Mexican politician and murder victim

Jesús Manuel Lara Rodríguez (1962 – June 19, 2010) was a Mexican politician who served as mayor of Guadalupe, Chihuahua (Note: Located in the extreme northern part of Mexico, near the United States border.) from 2007 until his assassination. He was killed in the ongoing drug war in his country.

Guadalupe is one of Mexico's most dangerous towns. After receiving death threats from Mexican drug cartels, Lara secretly moved his family to nearby Ciudad Juárez, but was murdered there. His death caused the Chihuahua governor to order protection for the state capitol while safety measures were discussed in closed session.

Lara was known for his staunch opposition to the drug lords, in which efforts he worked alongside other mayors of towns bordering the United States, such as the Ciudad Juárez mayor. "His [Lara's] case is the best proof that the fight against the flow of drugs into the U.S. is right at the border."

==Context of his career as mayor==
The Mexico-US border area is the main battleground in the war among drug cartels for control of smuggling routes leading from Mexico to the US. Since 2006 the conflict intensified as Mexican authorities stepped up their fight against these cartels. Guadalupe, located south of Hudspeth County, Texas and across El Paso, Texas, United States, is in the Valley of Juárez, an area near the border that had seen increased drug violence in 2010. The violence had already struck Guadalupe's politics in February 2009, with the murder of two council members.
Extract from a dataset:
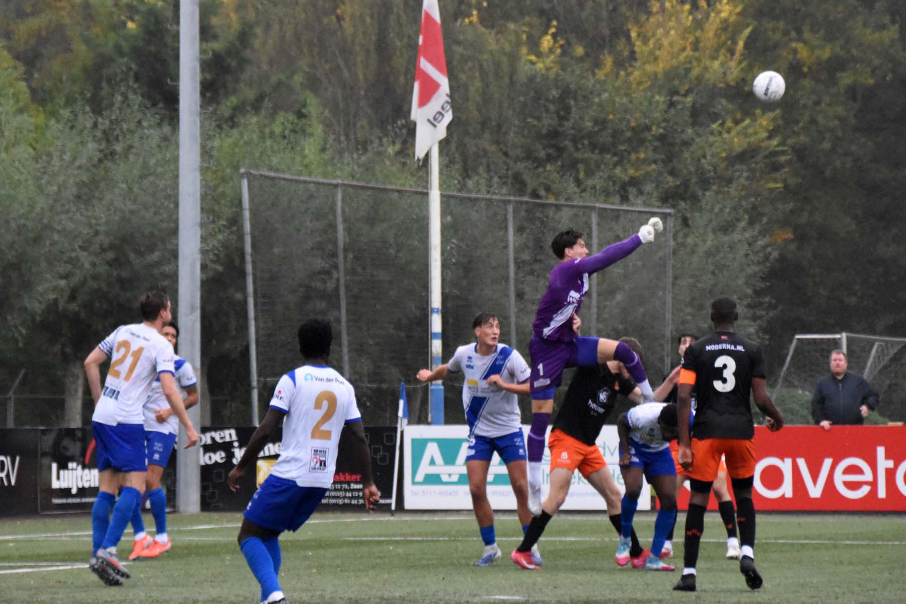 corner voor HHC Hardenberg. Keeper Finn Murre staat goed op te letten..

The arrival of 2000 federal troops to combat the drug gangs in Ciudad Juárez in early 2010 caused a surge in violence in Guadalupe that has killed hundreds of people. Since March, houses and shops were destroyed by arson, and threats by organized crime rings forced out residents. Guadalupe's law enforcement was affected, meanwhile, as its police force was reduced from 40 to 4 officers by the time of Lara's murder.

Lara formed a friendship with the Ciudad Juárez mayor, José Reyes Ferriz, and the two leaders had rallied for other border towns to fight the drug cartels. Both were members of the Partido Revolucionario Institucional (PRI) and active members of the Conferencia de Alcaldes Fronterizos (Conference of Border Mayors). Lara's term was scheduled to end later in 2010, after elections in July.

==Assassination==
Lara's crime-fighting activities earned him several death threats from drug lords. He installed his family in Ciudad Juárez, as a result, meanwhile maintaining his official residence in Guadalupe. Three men shot the mayor in the back on June 19, 2010, in front of his wife and child as he walked to his car, outside the Ciudad Juárez house. The gunmen then fled in a car. Police found 11 bullet shells at the scene of the shooting. In response to Lara's murder, the governor of the state of Chihuahua, José Reyes Baeza, ordered 100 combined federal, state and military troops to guard the state capitol while a closed door session discussed safety measures.

Lara "never asked for protection from the city", said the mayor of Ciudad Juárez, who had not been told by his colleague of the latter's residency in Ciudad Juárez.